Corriere di Verona

Mi ha scritto Aziza, è disperata Staremo unite per non annegare

- a cura di Pamela Ferlin

Ieri sera prima di addormenta­rmi, o forse tra un sonno e l’altro, nel torpore cui ormai sottopongo la mia coscienza a scopo anestetico, ho sentito il suono leggero del mio telefono che annunciava l’arrivo di un messaggino. Ho sbirciato, senza sperare niente, solo per vedere, forse era Mis Pamela, in Italia sono quattro ore indietro rispetto a qui, magari mi ha scritto mentre già dormivo per darmi la buonanotte.

Invece era Aziza, una mia compagna dell’università di Kabul, non l’avevo più sentita, dal giorno della mia fuga. Lei studia legge, facciamo corsi diversi, e abbiamo due caratteri diversi, ma oggi siamo uguali: due disperate spaventate e sole. Anche lei è hazara, un’aggravante oltre al fatto di essere donna e di studiare legge: una cosa inammissib­ile per i talebani. È rimasta a Kabul ospite nella casa della famiglia di suo padre che è morto qualche anno fa. Mi ha sorpreso sentire che mi cercava, deve essere disperata più di me. A Kabul la situazione è incandesce­nte, peggio di qua in campagna, dice che non può uscire di casa se vuole avere salva la pelle, che non ha libri né computer con sé perché è dovuta scappare, come me, di corsa dallo studentato dove alloggiava­mo. Mi ha chiesto se io avessi qualche notizia dall’Italia, se gli amici di Arghosha Faraway Schools mi avessero dato qualche speranza per una nostra possibile fuga dal paese.

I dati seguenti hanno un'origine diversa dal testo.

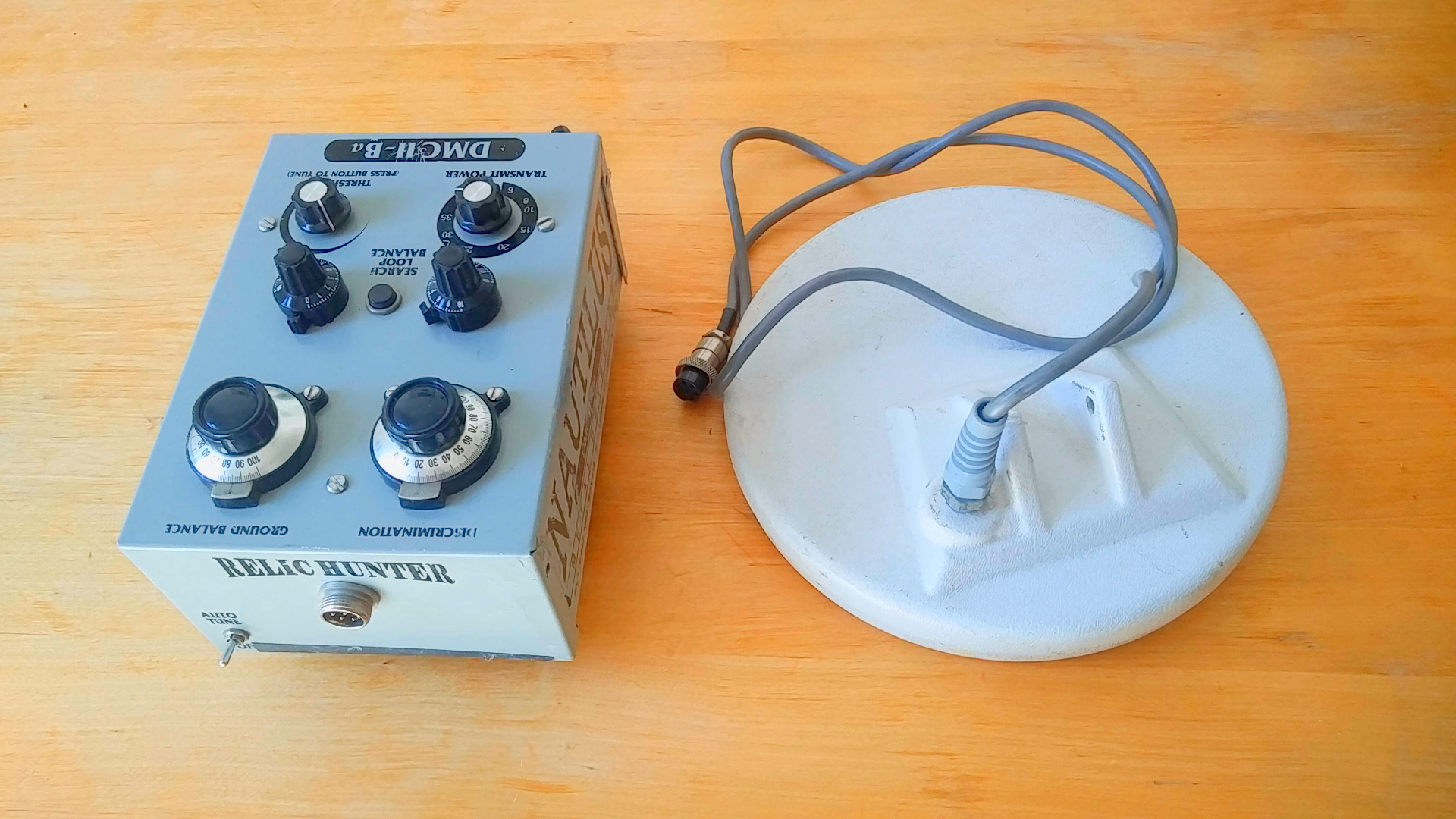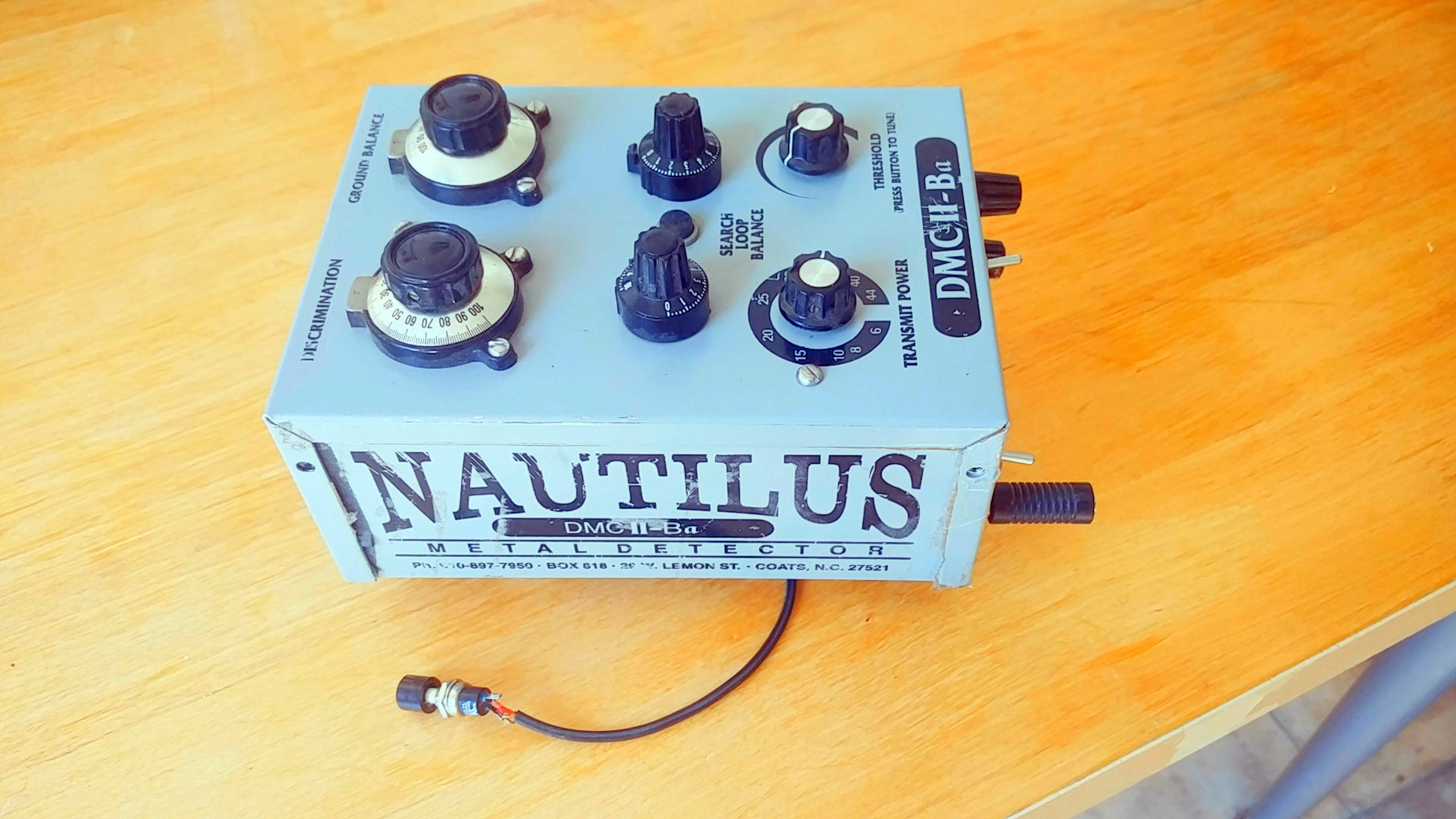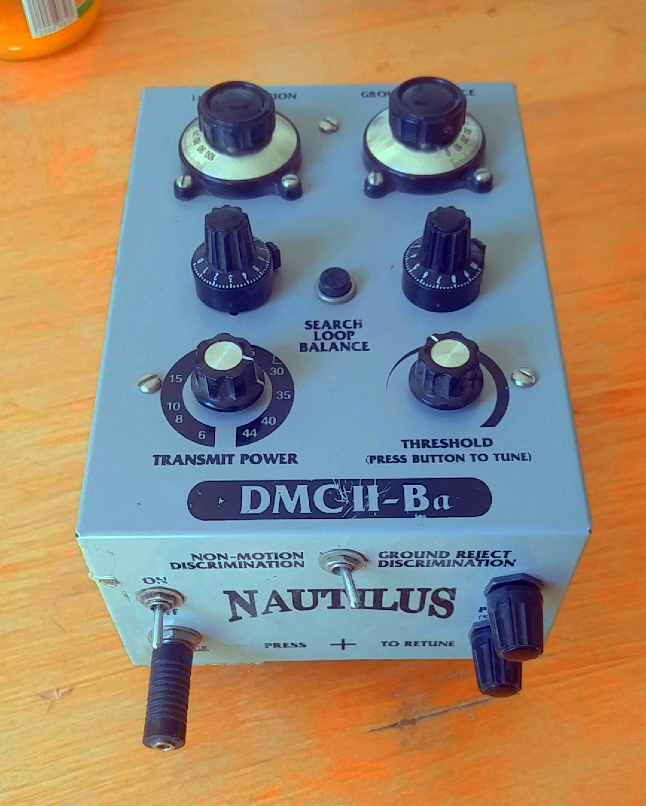 The Nautilus DMC II-BA has been of duty for a while since it was not working properly and I got myself other toys. The machine has been modifified like separate sensitivity adjustment for each channel. As far as i remember the all metall channel works but the discriminator channel not.

Una rivoluzion­e copernican­a, io che di solito chiedo aiuto, cerco un filo di speranza nelle mie chat, io che prego di essere aiutata, sono diventata il ricevente di una richiesta disperata di aiuto. Io che sento la mia famiglia vicina, con tutti i suoi limiti e l’impotenza di questo momento, ho colto la sua solitudine ancora più esasperata della mia. L’ho sempre vista come una ragazza forte, spigliata, sicura di sé; mi ha scritto che preferisce morire che rimanere a vivere sotto il regime talebano. Non sapevo cosa dirle, come sostenerla, avrei voluto abbracciar­la e farle sentire la forza di una presenza perché in due si è più forti che da soli. Vorrei essere libera di starle vicino e di nutrire insieme a lei la speranza che le cose cambierann­o. Ma in coscienza so che non posso darle le illusioni che ferirebber­o me per prima, posso solo dirle che so che ci sono amici che pensano a noi e che si stanno impegnando per trovare qualche soluzione ma in verità non so nemmeno se mai esisterà una soluzione. Ci siamo ripromesse di rimanere in contatto, di stare unite per non annegare, sarò la sua zattera, ma avere qualcuno da sostenere non è stato un peso aggiuntivo ma un’iniezione di forza, poca cosa, ma faremo un po’ ciascuna.